§ **What to produce**
Your answer must restate each entry below word for word, with no pictures in it.

§ **Material for this exercise**
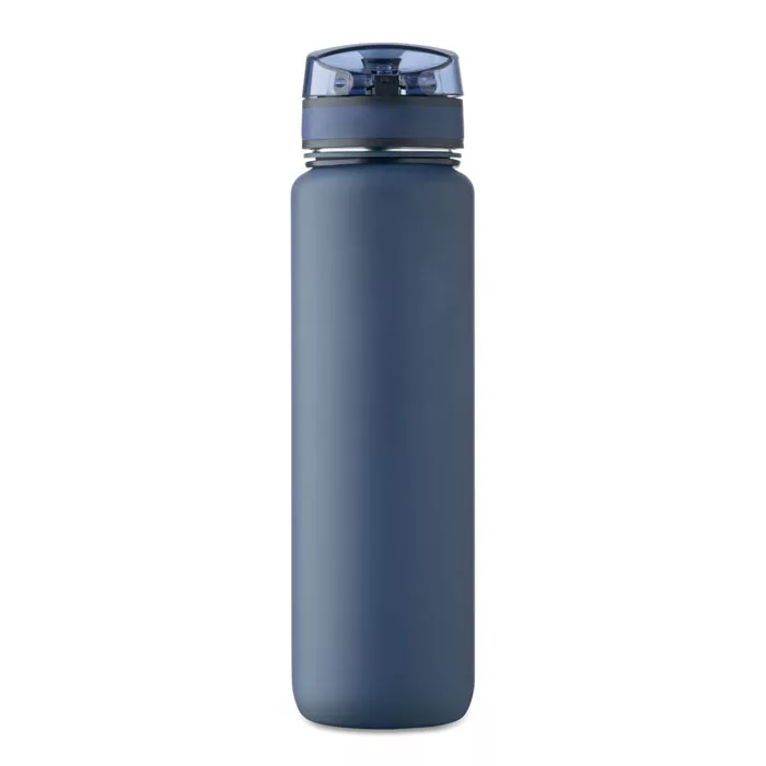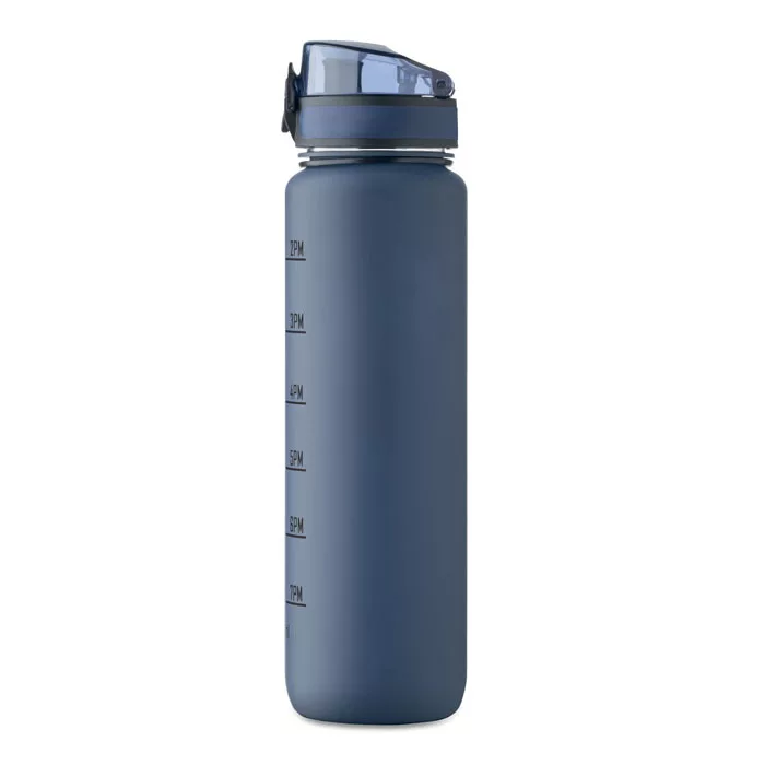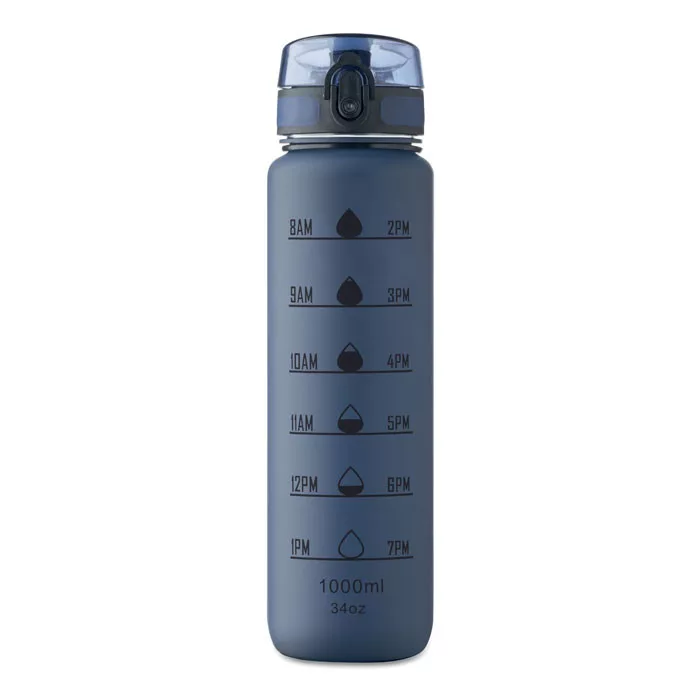 Sportkulacs RPET-ből, motivációs időjelzéssel, egy kézzel nyitható, felpattintható fedéllel, biztonsági zárral és hordfüllel.
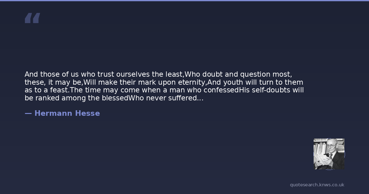 And those of us who trust ourselves the least,Who doubt and question most, these, it may be,Will make their mark upon eternity,And youth will turn to them as to a feast.The time may come when a man who confessedHis self-doubts will be ranked among the blessedWho never suffered anguish or knew fear,Whose times were times of glory and good cheer,Who lived like children, simple happy lives.For in us too is part of that Eternal MindWhich through the aeons calls to brothers of its kind:Both you and I will pass, but it survives.
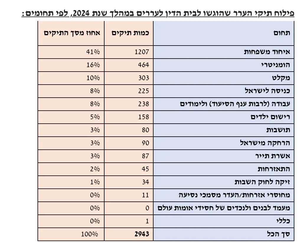 על פי הנתונים, בשנת 2024 נפתחו 2,943 עררים בבית הדין לעררים ונסגרו 3,080 תיקים. הנושאים השכיחים ביותר: איחוד משפחות (41%), עניינים הומניטריים (16%), בקשות מקלט (10%), כניסה לישראל (8%) ועבודה ולימודים (8%). 95% מהעררים נפתחו באופן מקוון - נתון המעיד על אימוץ רחב של ההליך הדיגיטלי.
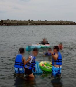 浮き輪でのんびり海に浮かんだり、お友達同士で水をかけ合ったりと思い思いに楽しみます♪
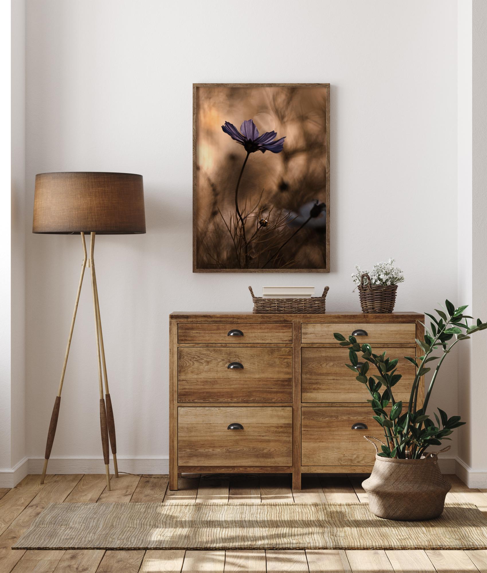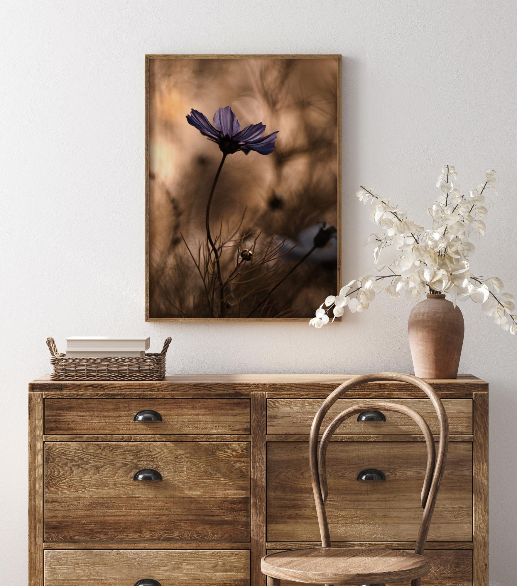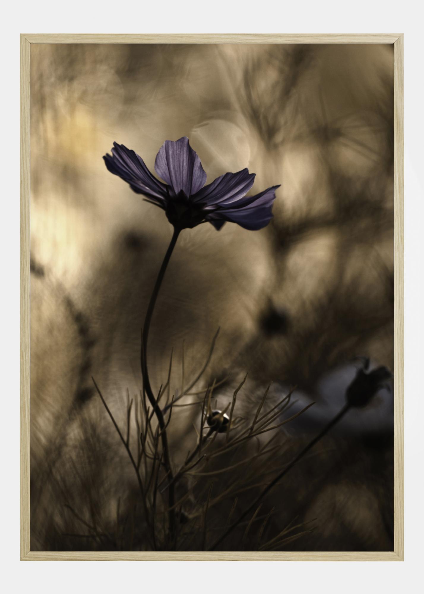 Une affiche florale représentant une fleur violette se balançant sur un fond brun doux. Les pétales violets sont mis en valeur de façon spectaculaire par rapport aux plantes floues de l'arrière-plan. D'autres formes sont visibles lorsque l'œil se déplace le long des tiges incurvées pour apprécier l'image dans son ensemble.

§ **Exercise response**
 Sportkulacs RPET-ből, motivációs időjelzéssel, egy kézzel nyitható, felpattintható fedéllel, biztonsági zárral és hordfüllel.
 And those of us who trust ourselves the least,Who doubt and question most, these, it may be,Will make their mark upon eternity,And youth will turn to them as to a feast.The time may come when a man who confessedHis self-doubts will be ranked among the blessedWho never suffered anguish or knew fear,Whose times were times of glory and good cheer,Who lived like children, simple happy lives.For in us too is part of that Eternal MindWhich through the aeons calls to brothers of its kind:Both you and I will pass, but it survives.
 על פי הנתונים, בשנת 2024 נפתחו 2,943 עררים בבית הדין לעררים ונסגרו 3,080 תיקים. הנושאים השכיחים ביותר: איחוד משפחות (41%), עניינים הומניטריים (16%), בקשות מקלט (10%), כניסה לישראל (8%) ועבודה ולימודים (8%). 95% מהעררים נפתחו באופן מקוון - נתון המעיד על אימוץ רחב של ההליך הדיגיטלי.
 浮き輪でのんびり海に浮かんだり、お友達同士で水をかけ合ったりと思い思いに楽しみます♪
 Une affiche florale représentant une fleur violette se balançant sur un fond brun doux. Les pétales violets sont mis en valeur de façon spectaculaire par rapport aux plantes floues de l'arrière-plan. D'autres formes sont visibles lorsque l'œil se déplace le long des tiges incurvées pour apprécier l'image dans son ensemble.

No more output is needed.